Poultry Cooperative Research Centre
- Company type: Not For Profit Cooperative Research Centre
- Industry: Poultry farming
- Founded: 2003
- Headquarters: Armidale, New South Wales, Australia
- Website: Poultry CRC

= Poultry CRC =

Defunct company

The Poultry Co-operative Research Center, or Poultry CRC, is a joint venture established and supported under the Australian Government's Cooperative Research Centre Programme.

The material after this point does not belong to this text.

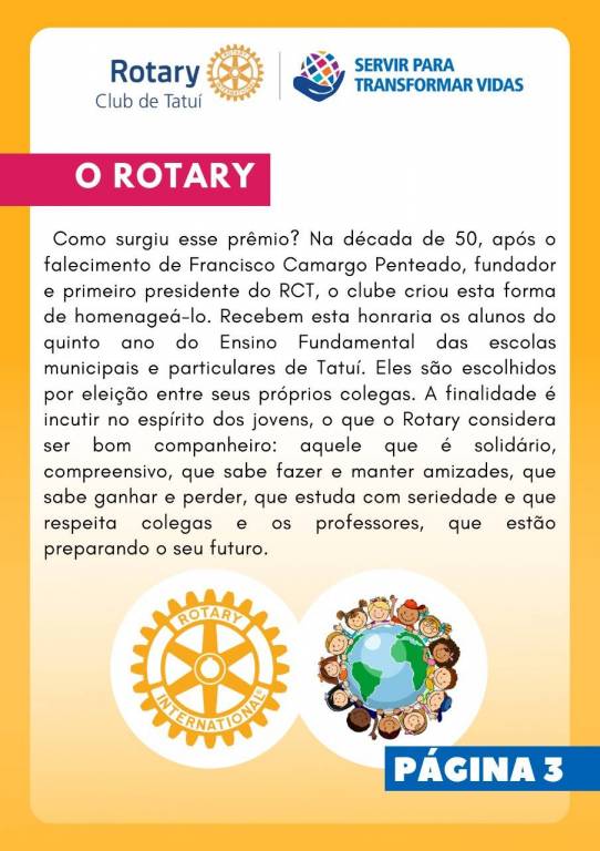 O tradicional prêmio “Francisco Camargo Penteado, o Melhor Companheiro”, pelo qual o Rotary Club de Tatuí contempla, anualmente, estudantes do quinto ano, foi realizado nos meses de novembro e dezembro. Houve, neste ano, 72 ganhadores, de 20escolas públicas e 6particulares, todos escolhidos pelos próprios colegas de sala. Veja abaixo a relação completa dos premiados.
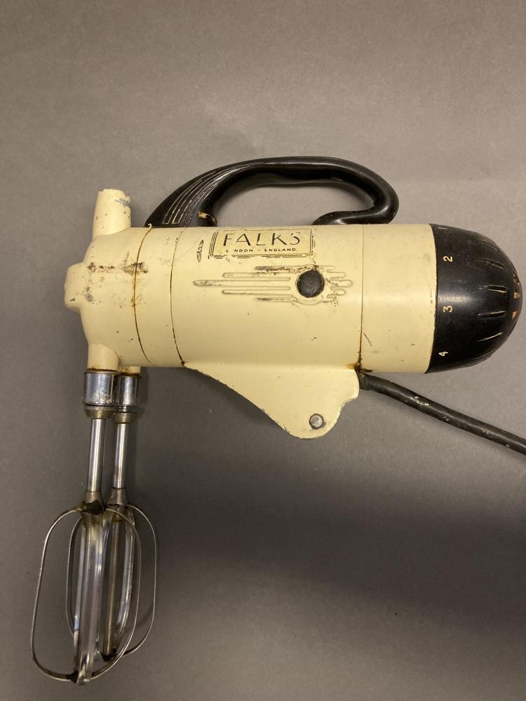 Rafmagnshandþeytari/hrærivél frá Falks, framleiddur í Englandi, með ýmsum fylgihlutum, hvítri glerskál, tveimur þeytispöðum úr stáli og berjapressu. Litur: Rjómagulur og svartur. Glerskál er merkt undir botni: "Glasbake 12 - Made in USA - for Sunbeam".

The Poultry CRC's major challenge was to help Australia achieve sustainable, ethical poultry production in the face of population growth and climate change.

In July 2008, the Poultry CRC won the World's Poultry Science Association (WPSA) Industry/Organization Award at the World's Poultry Congress in Brisbane in recognition of an outstanding contribution to the development of the poultry industry. In August 2012, the Poultry CRC was awarded the WPSA's Education Award at the World's Poultry Congress in Brazil for their exceptional contribution to poultry education. In addition, the Poultry CRC received an Australian Collaborative Innovation Award in May 2012.

== Structure of the CRC ==

Poultry CRC was an unincorporated joint venture among seven essential participants and was governed by a skills-based board. It manages its research and development programme through a public company, Poultry CRC Ltd. Poultry CRC is headquartered at the University of New England in Armidale, New South Wales, and has an extensive collaborative network comprising researchers, educators, and support staff from its participating organizations. The original Poultry CRC was established on 1 July 2003, with the subsequent CRC being extended to 2017.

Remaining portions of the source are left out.